» Action item
Word for word, please copy the listing below, with its pictures left out.
━━ Dataset records ━━
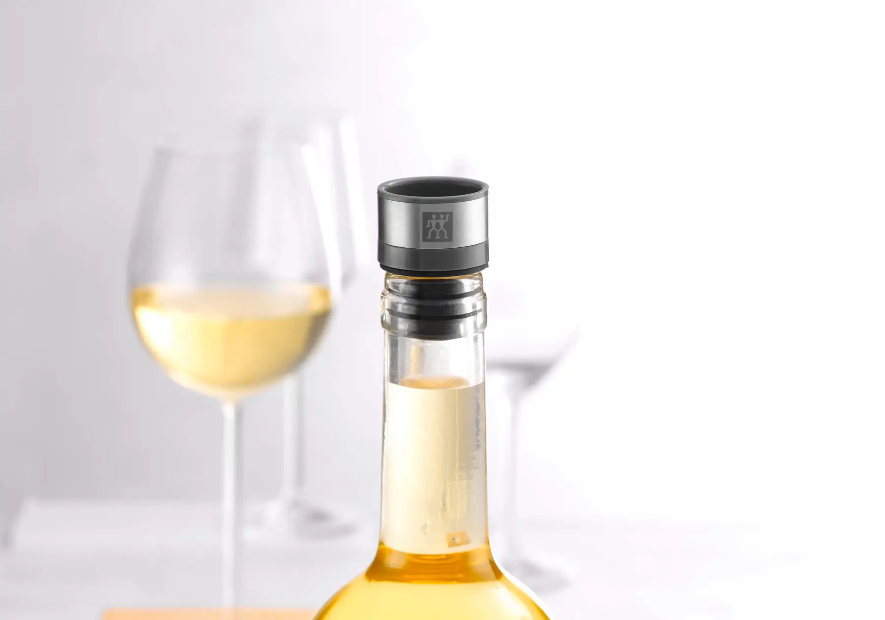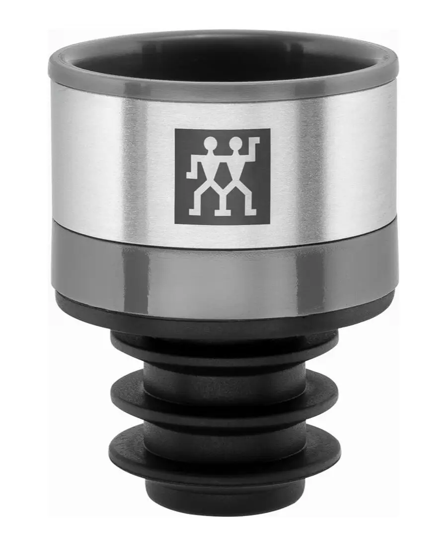 Obsługa pompy bezprzewodowej* i próżniowej zatyczki jest wyjątkowo prosta oraz szybka – podobnie jak odkorkowanie. Wystarczy umieścić korek na szyjce butelki, po czym przy użyciu jednego przycisku wypompować z niej powietrze. Producent zapewnia także możliwość połączenia otwartych butelek z bezpłatną aplikacją Zwilling Culinary World w celu kontrolowania przydatności napoi.
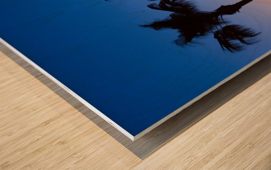 Tall palm trees rise like graceful sentinels against a fading sky brushed with deep indigo and molten orange. Captured at the golden hour the silhouet...[+]
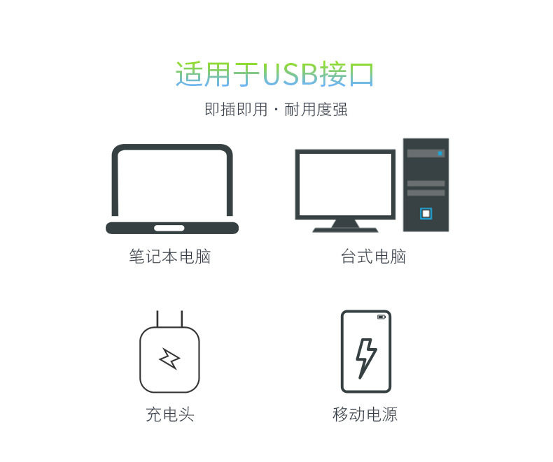 供電:標準USB接口,只要是USB都可以插,5V電源、移動電源,筆記本,上網本,臺式電腦都可以。
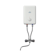 10 literes felső elhelyezésű, szabadkifolyású ("átfolyós": nem kell biztonsági szelep hozzá, a csaptelepen keresztül csöpög ki a táguló víz) vízmelegítő, mini villanybojler, csapteleppel.
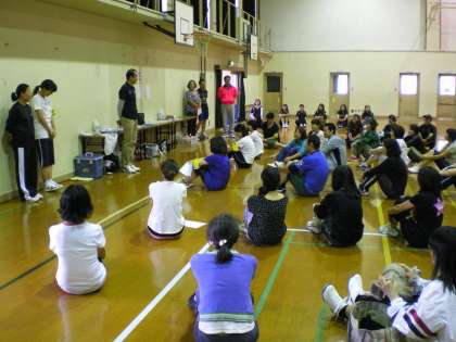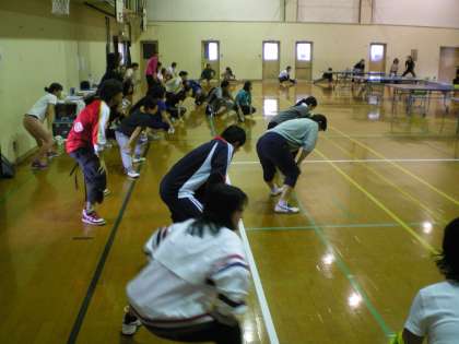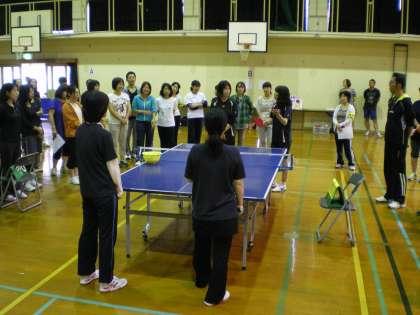 写真は,開会式・PTA卓球部の皆さんによるルール説明・準備体操の様子です。
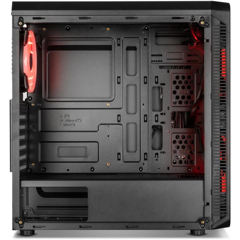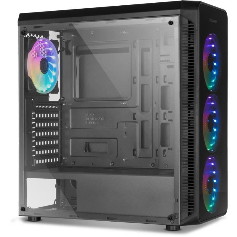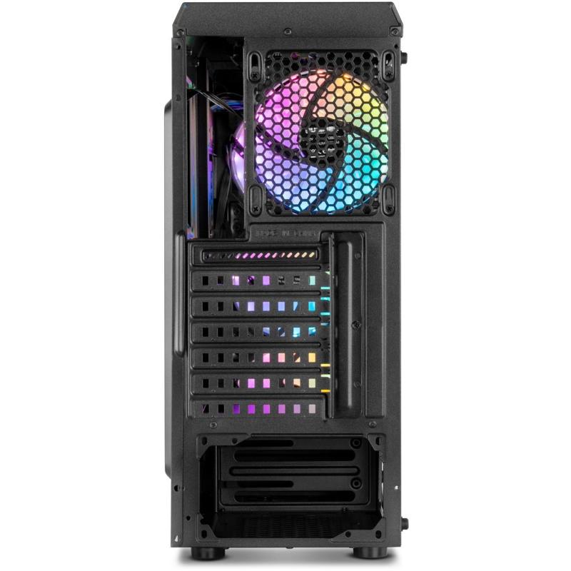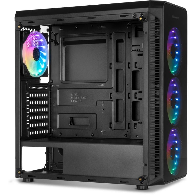 Este gabinete para PC en negro combina elegancia y funcionalidad con su material SPCC y vidrio templado en el diseño. Ideal para configuraciones de juego, su factor de forma Midi Tower soporta tarjetas madre ATX, micro ATX y Mini-ITX. Dispone de 2 bahías de 3.5" y 2 bahías de 2.5", además de 7 ranuras de expansión para una máxima versatilidad. La ventana lateral y la iluminación multicolor en los ventiladores añaden un toque estético impresionante, mientras que la gestión de cables asegura un interior ordenado.
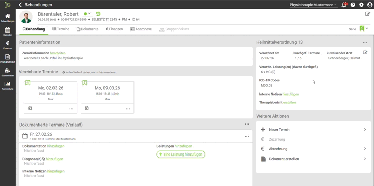 Im Verlaufstermin kannst Du nun die Leistung entsprechend hinterlegen.
━━━
» Result of the task
 Obsługa pompy bezprzewodowej* i próżniowej zatyczki jest wyjątkowo prosta oraz szybka – podobnie jak odkorkowanie. Wystarczy umieścić korek na szyjce butelki, po czym przy użyciu jednego przycisku wypompować z niej powietrze. Producent zapewnia także możliwość połączenia otwartych butelek z bezpłatną aplikacją Zwilling Culinary World w celu kontrolowania przydatności napoi.
 Tall palm trees rise like graceful sentinels against a fading sky brushed with deep indigo and molten orange. Captured at the golden hour the silhouet...[+]
 供電:標準USB接口,只要是USB都可以插,5V電源、移動電源,筆記本,上網本,臺式電腦都可以。
 10 literes felső elhelyezésű, szabadkifolyású ("átfolyós": nem kell biztonsági szelep hozzá, a csaptelepen keresztül csöpög ki a táguló víz) vízmelegítő, mini villanybojler, csapteleppel.
 写真は,開会式・PTA卓球部の皆さんによるルール説明・準備体操の様子です。
 Este gabinete para PC en negro combina elegancia y funcionalidad con su material SPCC y vidrio templado en el diseño. Ideal para configuraciones de juego, su factor de forma Midi Tower soporta tarjetas madre ATX, micro ATX y Mini-ITX. Dispone de 2 bahías de 3.5" y 2 bahías de 2.5", además de 7 ranuras de expansión para una máxima versatilidad. La ventana lateral y la iluminación multicolor en los ventiladores añaden un toque estético impresionante, mientras que la gestión de cables asegura un interior ordenado.
 Im Verlaufstermin kannst Du nun die Leistung entsprechend hinterlegen.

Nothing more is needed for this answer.